[[ Dataset, beginning ]]

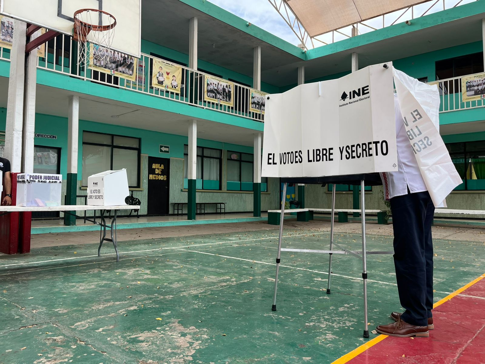 El presidente municipal arribó a las 10:20 a.m. con un nublado cielo y fuerte viento, para elegir a sus preferidos candidatos a jueces, magistrados y ministros. La casilla se encontraba desolada, sin personas emitiendo su voto desde aproximadamente 20 minutos atrás.
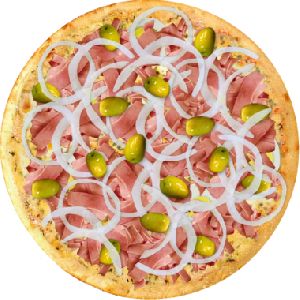 Azeitonas, Cebola, Molho de tomate, Mussarela, Orégano, Presunto
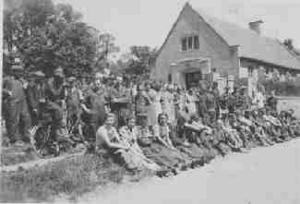Another incident which always stuck in my mind was earlier in the war. My friend and I used to bike to Moreton in the Marsh eight miles from home to the aerodrome which had all Australian airmen, who we went with to the dances and the pubs. The Australians were flying Wellington bombers, before the Lancasters came in. One evening we were in the pub with our boy friends and outside, we heard marching, we all rushed out and there were the arrogant Afrika Korps (Germans) marching to a prisoner of war camp, (I think it was at Bourton on the Hill). They were still dressed in their desert kit and singing at the top of their voices. One of our Aussie friends, who knew German, he said the bas....ds are singing “we march against England” so we all raised our voices and swore at them. By the end of the war, most of the prisoners were given army uniforms, dyed purple with big coloured patches on them and put to work on the land.
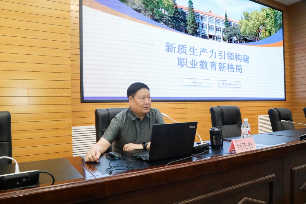 8月20日下午,陕西科技大学教育学院、职业技术学院原院长刘正安教授做了题为“新质生产力引领职业教育高质量发展新格局”的专题报告,他从新质生产力的提出及特征、新质生产力与职业教育发展的关系,以及新质生产力引领职业教育发展等三个方面,讲授了在当前百年未有之大变局的背景下,通过聚焦新质生产力引领职业教育高质量发展新格局的新路径。
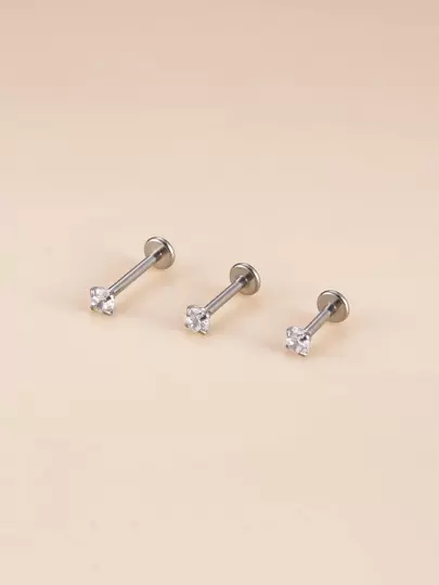 3入組/套時尚方晶鋯石裝飾唇釘不銹鋼適合女士&男士穿孔需要隔膜身體鏈 - 銀色 - 查看 3
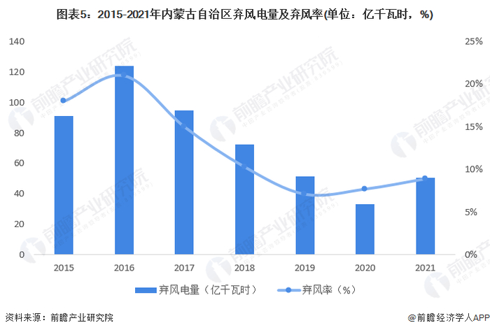 不过,内蒙古在近几年加大风能消纳能力,2017-2020年内蒙古弃风电量及弃风率呈现下滑趋势。2020年,内蒙古弃风电量及弃风率分别为33亿千瓦时和7.7%,2021年,内蒙古弃风量和弃风率有一定程度的回升,分别达到了50.6亿千瓦时和8.9%,但较早年相比已经有了较大程度的改善。
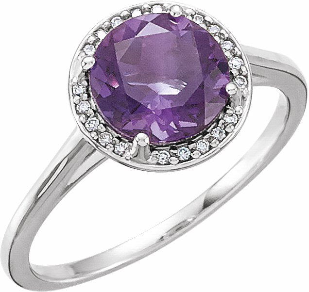 71632 / Set / 14K White / Amethyst / Round / 8 Mm / Polished / Genuine Amethyst And .05 Ctw Diamond Ring
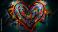 • Vibrant graffiti heart art with dripping paint and abstract background
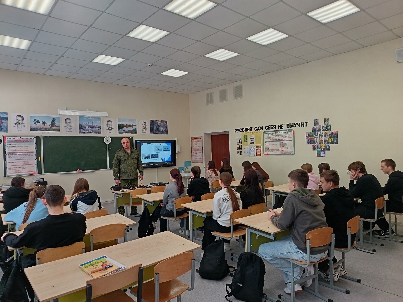 Станислав Макутин, руководитель регионального центра военно-патриотического воспитания, провёл демонстрацию возможностей управления беспилотным летательным аппаратом (БПЛА). Учащиеся получили возможность практического освоения данного направления.
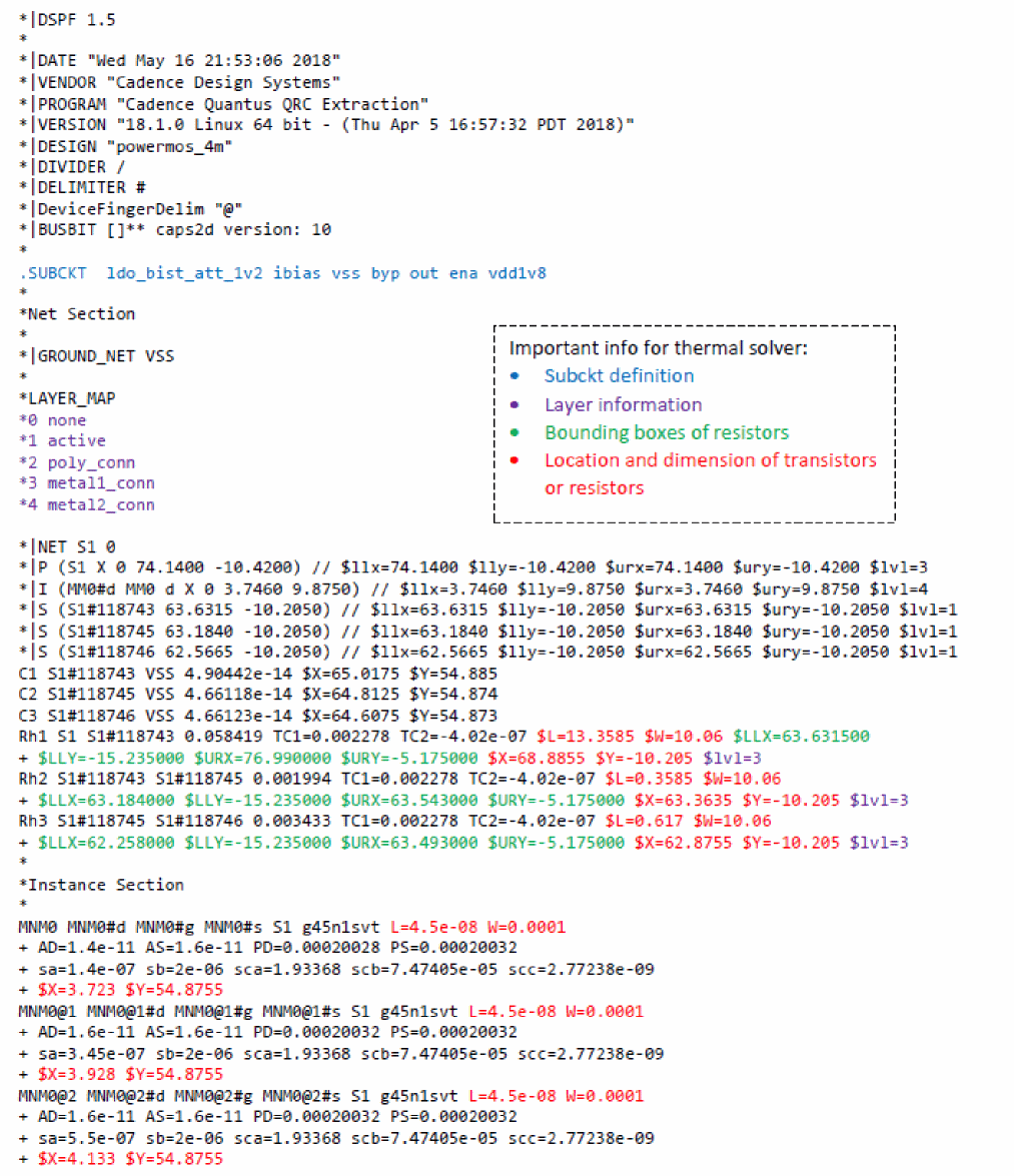 To perform Spectre thermal analysis, the first step is to prepare the simulation testbench including the postlayout data of the design, and the DSPF files with device location and dimension information for the transistors, resistors, diodes, and so on, in the instance section. A dspf_include statement is required in the Spectre thermal analysis flow to identify the DSPF data.
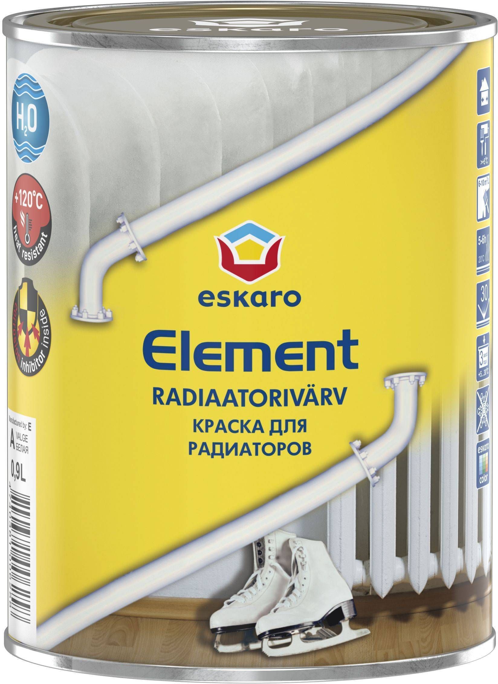Eskaro Element on vesialuseline poolmatt radiaatorivärv, mis on vastupidav temperatuurile kuni 120°C. Värv on suurepärase kattevõimega ja tasandub pinnal hästi, pintsliga värvides ei jää värvitriipe. Sisaldab korrosioonivastaseid lisandeid. Lubatud soojade radiaatorite värvimiseks (kuni 45ºC). Element moodustab kuivades tugeva pinna, mis talub korduvat märgpuhastust ning ei kolletu ajapikku.

[[ Dataset, end ]]

How to complete this task :: The answer is the lines above from the one with "不过,内蒙古在近几年加大风能" to the one with "Станислав Макутин, руководитель", set down exactly, with no pictures.

Answer section ::
 不过,内蒙古在近几年加大风能消纳能力,2017-2020年内蒙古弃风电量及弃风率呈现下滑趋势。2020年,内蒙古弃风电量及弃风率分别为33亿千瓦时和7.7%,2021年,内蒙古弃风量和弃风率有一定程度的回升,分别达到了50.6亿千瓦时和8.9%,但较早年相比已经有了较大程度的改善。
 71632 / Set / 14K White / Amethyst / Round / 8 Mm / Polished / Genuine Amethyst And .05 Ctw Diamond Ring
 • Vibrant graffiti heart art with dripping paint and abstract background
 Станислав Макутин, руководитель регионального центра военно-патриотического воспитания, провёл демонстрацию возможностей управления беспилотным летательным аппаратом (БПЛА). Учащиеся получили возможность практического освоения данного направления.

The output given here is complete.